Share your dilemmas and get honest opinions from other Mumsnetters.

To not want to be a parental carer in future?

190 replies

janeseymour78 · 20/03/2022 20:57

My mother has been a carer for the last ten years to her parents. She partially did this so that my grandparent could stay at home. At the beginning it was very hard and time consuming and she said 'if I get I'll like that in future please just put me in a home'. I would argue she has done barely anything with her life aside from this in that time.

The other day she said that homes are terrible places because anyone that goes there dies within months of arrival. She also commented on how much costs had been saved by keeping grandparent at home. So this change of tune makes me think she now expects me to give up my life in a similar way if need be.

I have always had a complicated relationship with my mother - she wasn't a great parent due to her own issues and acknowledges this.

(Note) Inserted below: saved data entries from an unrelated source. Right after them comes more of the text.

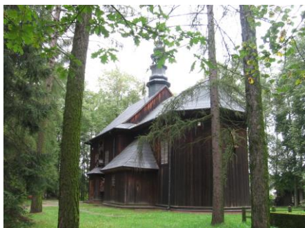
Kościół parafialny p.w. św. Andrzeja Boboli w Bardzicach

Kościół jest orientowany, konstrukcji zrębowej. Nawa o kształcie zbliżonym do kwadratu. Prezbiterium jest węższe, zamknięte trójbocznie. Od północy zakrystia została przekształcona na kruchtę. Do prezbiterium od strony południowej dobudowano zakrystię. Od zachodu dobudowano kruchtę, równą szerokości nawy. Chór muzyczny wsparty jest na dwóch słupach. Nad nawą i prezbiterium jest sufit drewniany. Dachy nad prezbiterium i nawą są dwuspadowe, kryte blachą. Wieżba dachowa posiada konstrukcję storczykową. Nad kruchtą i zakrystią są dachy pulpitowe. Wielokrotnie był remontowany.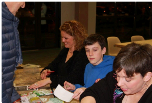
les caissières et leur aide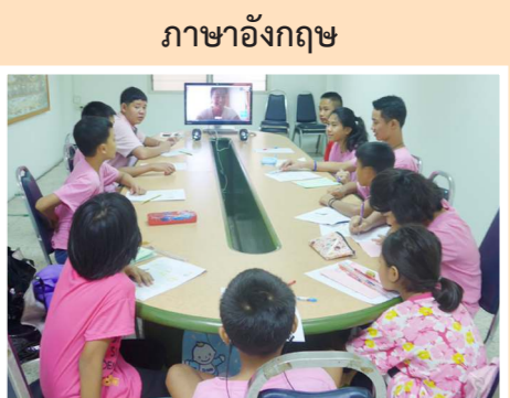
ภาษาอังกฤษ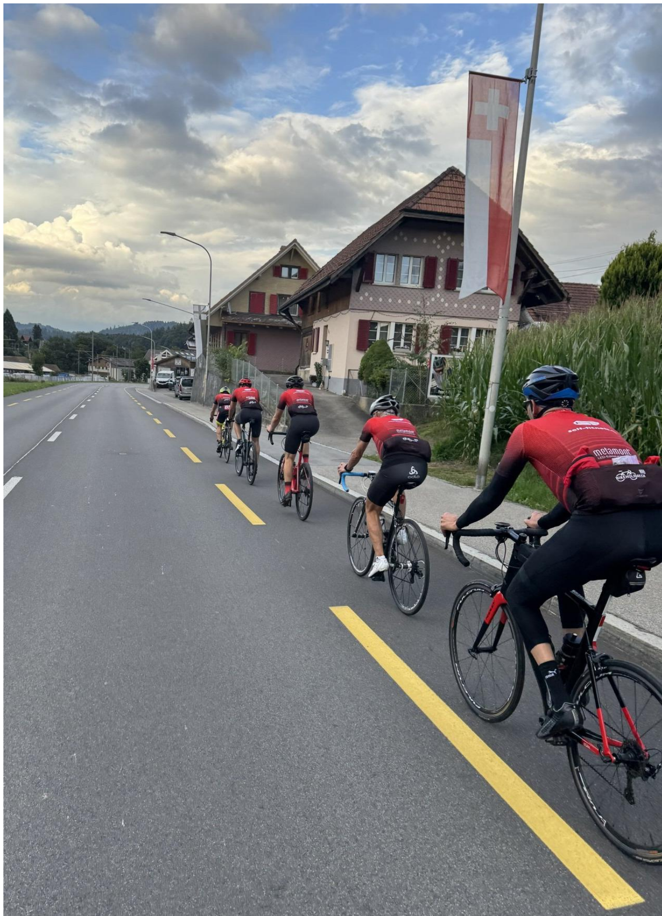
Mittwochstraining, 30.07.2025 – schnelle Gruppe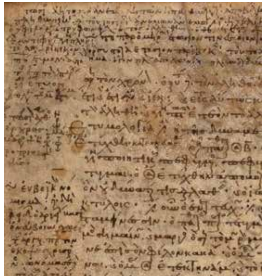
Die Quelle: „Etymologicum Gudianum“

„Eine Gruppe von Gelehrten im späten 10. Jahrhundert arbeitete gemeinsam an diesem Text und Manuskript, um es mit Material aus anderen Quellen zu erweitern und ein neues etymologisches Lexikon zur Erklärung und Vergegenwärtigung der griechischen Sprache zu erstellen.“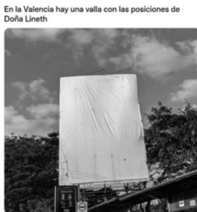
Figura 5. Ejemplo

En la figura 5, se observa que la relación entre imagen-palabras es de ejemplificación, ya que se supone que en la Valla van a aparecer las posiciones Lineth Saborío, candidata del Partido Unidad Social Cristiana, quien durante la campaña no mostraba una línea ideológica en casi ningún tema. Este meme, al poner la valla en blanco da a entender que la candidata no tiene posiciones.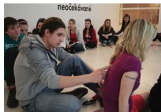
Tělo jako médium (program pro SŠ)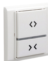
C0004780 wyłącznik beprzewodowy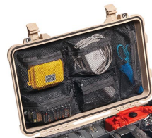
1519 Organizador de tapa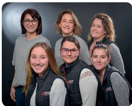
Équipe administrative et comptable Minier Béton.

Toutes les activités ont été impactées par cette forte activité : la production, la qualité, le transport, la maintenance, le commerce et l'administratif.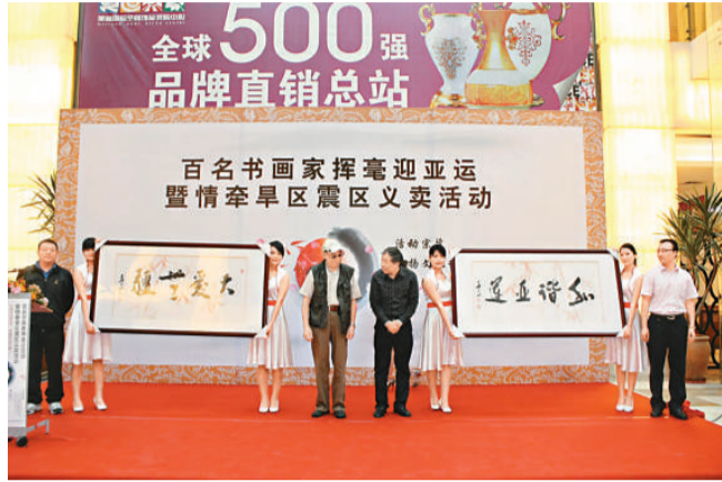
書畫家揮毫作品義賣，捐給災區，幫助災民渡過難關

Recently I have started thinking she is getting older and I should consider talking to her about if/when she gets ill in future. About how we would handle it. AIBU?

OP posts:
Onionpatch · 21/03/2022 13:40

Id care for my mum by putting her in a home. Id pick a really nice one near by snd visit lots.
I would do as much as possible yo arrange care at her own home first, but a good care home is an act of care.

NeedleNoodle3 · 21/03/2022 13:42

OP it’s good you thinking of yourself and your needs.
I swore blind I wouldn’t provide care for my DM and here I am doing it, I’m not quite sure how it happened. It’s shite, I’ve needed counselling because of it.
My DM has Alzheimer’s so she doesn’t realise what I do for her and she makes it worse.

GertrudePerkinsPaperyThing · 21/03/2022 13:48

You know I would be very miffed if after years of caring for my own children, as soon as they leave home I become a carer for my parents!

My two siblings have no children so I would think they should be in line before me! One currently lives abroad though so…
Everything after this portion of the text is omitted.